Invalid system calls when run under Take Command Console #31

Closed ClaireCJS closed 1 year ago

ClaireCJS commented 1 year ago

I use a lot of different command-lines, and yet, I don't think I've seen this happen before.

Whisper-faster.exe ends up sending commands to the command line under TCC command line, but not under CMD.EXE.

But I abandoned CMD.EXE back when it was command.com in 1988. TCC has been in constant development. So it's not some janky command line, even though most people haven't heard of it. It's really solid. So I'm wondering how this is happening.

There's some very niche incompatibility here because this is not something I've seen in decades of use.
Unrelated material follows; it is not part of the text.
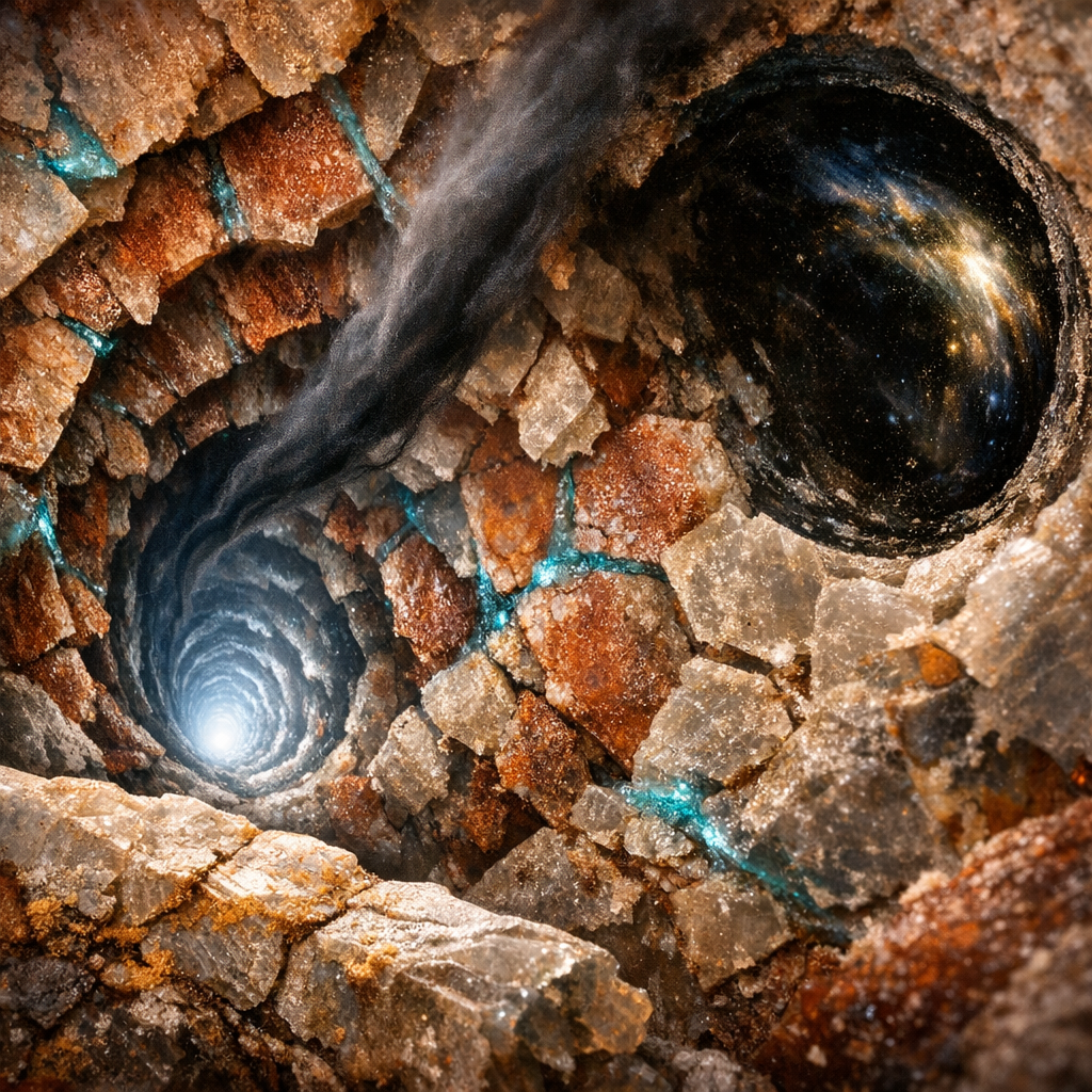 Here I ask: what does infinity feel like when it is compressed within the alien interior of a grain of sand? I wanted to show emptiness made claustrophobic—a place where absence itself becomes tactile, where the void is not behind or beneath but pressed against every surface. The jagged honeycomb cavities and their calcite walls scatter mineral light, weaving rust and copper hues into cold, translucent silence. In this space, the unsettling calm and vertigo are not cosmic in scale, but disturbingly intimate—the emptiness becomes nauseatingly close, a universe of isolation within matter itself.
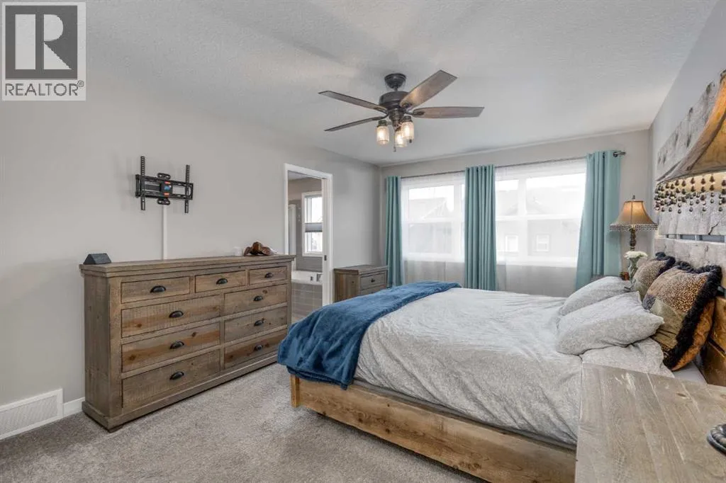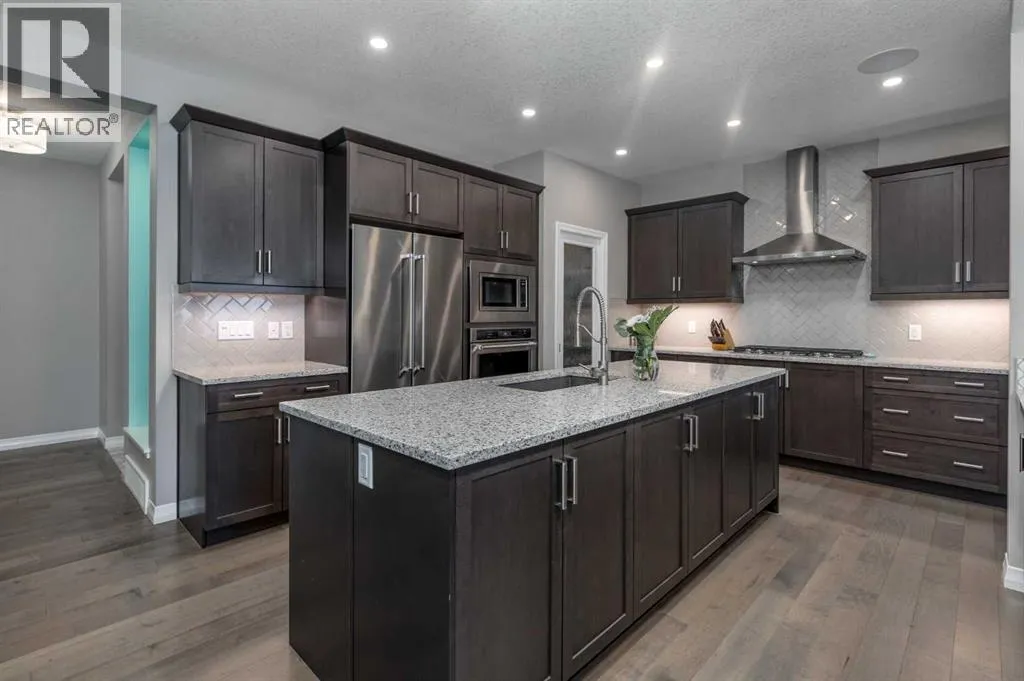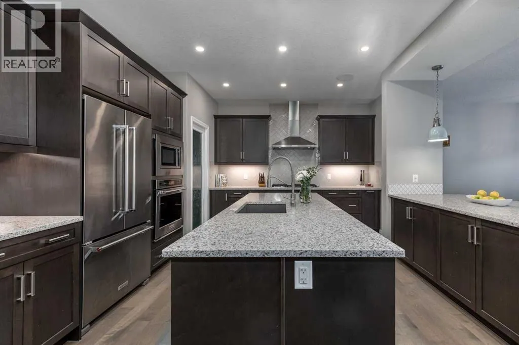 Steps from the Bow River Pathway System and surrounded by green space, this beautifully developed Riviera home offers a rare combination of privacy, nature, and space. Tucked into one of Cochraneâs most peaceful pockets in the community of River Song, this sought-after neighbourhood is known for its scenic walking trails, abundant wildlife, and quiet streets while remaining just minutes from schools, parks, shopping, and everyday amenities.Built in 2018 and offering over 3,600 sq ft of developed living space, this spacious home features 6 Bedrooms and 4 Bathrooms, creating an ideal layout for growing families, guests, or multiple Home Offices.A welcoming Foyer opens into the bright and open Great Room, where oversized windows flood the Main Floor with natural light. The chef-inspired Kitchen is thoughtfully designed for both everyday living and entertaining, featuring KitchenAid Chef Series Appliances, including a Gas Cooktop, Built-In Oven, Hood Fan, and Dishwasher. Dual Islands provide exceptional prep space, storage, and seating, making this Kitchen the natural gathering place for family and friends.The Dining Area flows into the inviting Living Room, where a cozy Gas Fireplace creates the perfect setting for quiet evenings or larger gatherings. Built-In Speakers throughout the home, along with Outdoor Speakers on the deck, enhance the atmosphere for entertaining.Step outside to the impressive 20â x 18â Composite Deck, overlooking the treed backyard that provides privacy and a peaceful outdoor setting. Designed for relaxing evenings and summer gatherings, the deck is also wired for a future Hot Tub.Upstairs, the Primary Bedroom offers a spacious retreat with room for a King-sized bed and seating area. The spa-inspired Ensuite features Dual Vanities, a Makeup Counter, Large Soaker Tub, Stand-Up Shower, and two generous Walk-In Closets.A centrally located Bonus Room provides the perfect space for movie nights or a family lounge. Two additional Bedrooms, a Full Bathroom, and convenient Upper-Level Laundry complete the second floor.The Fully Developed Basement expands the home to six Bedrooms, adding three additional Bedrooms and a Full Bathroomâperfect for larger families, teenagers, guests, or flexible space such as a Gym, Office, or Hobby Room. Basement bedroom windows were replaced in 2025 with Triple-Pane Units, improving comfort and efficiency.Additional highlights include Central Air Conditioning installed in 2024, Tankless Hot Water, Built-In Sound System, Permanent Soffit Lighting, durable James Hardie Fiber-Cement Siding, and an Oversized Double Attached Garage with Epoxy-Coated Floors.Enjoy Rivieraâs pathway lifestyle while living just minutes from schools, shopping, and Cochraneâs vibrant downtown. (id:27476)

Any idea if we can address it?

whisper-faster.exe --language en --verbose True --device cuda --model large --output_form
at all "14_The Water Is Wide.mp3"

Standalone Faster-Whisper r134 running on: CUDA

Number of visible GPU devices: 1

Supported compute types by GPU: {'float32', 'int8', 'int8_float16', 'float16'}

[2023-07-06 06:48:38.064] [ctranslate2] [thread 13552] [info] CPU: AuthenticAMD (SSE4.1=true, AVX=true, AVX2=true, AVX512=false)
[2023-07-06 06:48:38.064] [ctranslate2] [thread 13552] [info]  - Selected ISA: AVX2
[2023-07-06 06:48:38.064] [ctranslate2] [thread 13552] [info]  - Use Intel MKL: false
[2023-07-06 06:48:38.064] [ctranslate2] [thread 13552] [info]  - SGEMM backend: DNNL (packed: false)
[2023-07-06 06:48:38.064] [ctranslate2] [thread 13552] [info]  - GEMM_S16 backend: none (packed: false)
[2023-07-06 06:48:38.064] [ctranslate2] [thread 13552] [info]  - GEMM_S8 backend: DNNL (packed: false, u8s8 preferred: true)
[2023-07-06 06:48:38.064] [ctranslate2] [thread 13552] [info] GPU #0: NVIDIA GeForce RTX 3060 (CC=8.6)
[2023-07-06 06:48:38.064] [ctranslate2] [thread 13552] [info]  - Allow INT8: true
[2023-07-06 06:48:38.064] [ctranslate2] [thread 13552] [info]  - Allow FP16: true (with Tensor Cores: true)
[2023-07-06 06:48:52.199] [ctranslate2] [thread 13552] [info] Using CUDA allocator: cuda_malloc_async
[2023-07-06 06:48:53.037] [ctranslate2] [thread 13552] [info] Loaded model C:\UTIL2\_models\faster-whisper-large-v2 on device cuda:0
[2023-07-06 06:48:53.037] [ctranslate2] [thread 13552] [info]  - Binary version: 6
[2023-07-06 06:48:53.037] [ctranslate2] [thread 13552] [info]  - Model specification revision: 3
[2023-07-06 06:48:53.037] [ctranslate2] [thread 13552] [info]  - Selected compute type: int8

Model loaded in: 15.06 seconds
Estimating duration from bitrate, this may be inaccurate

Processing audio with duration 03:16.650

VAD filter removed 00:41.630 of audio
VAD filter kept the following audio segments: [00:00.000 -> 01:36.324], [02:03.836 -> 03:02.532]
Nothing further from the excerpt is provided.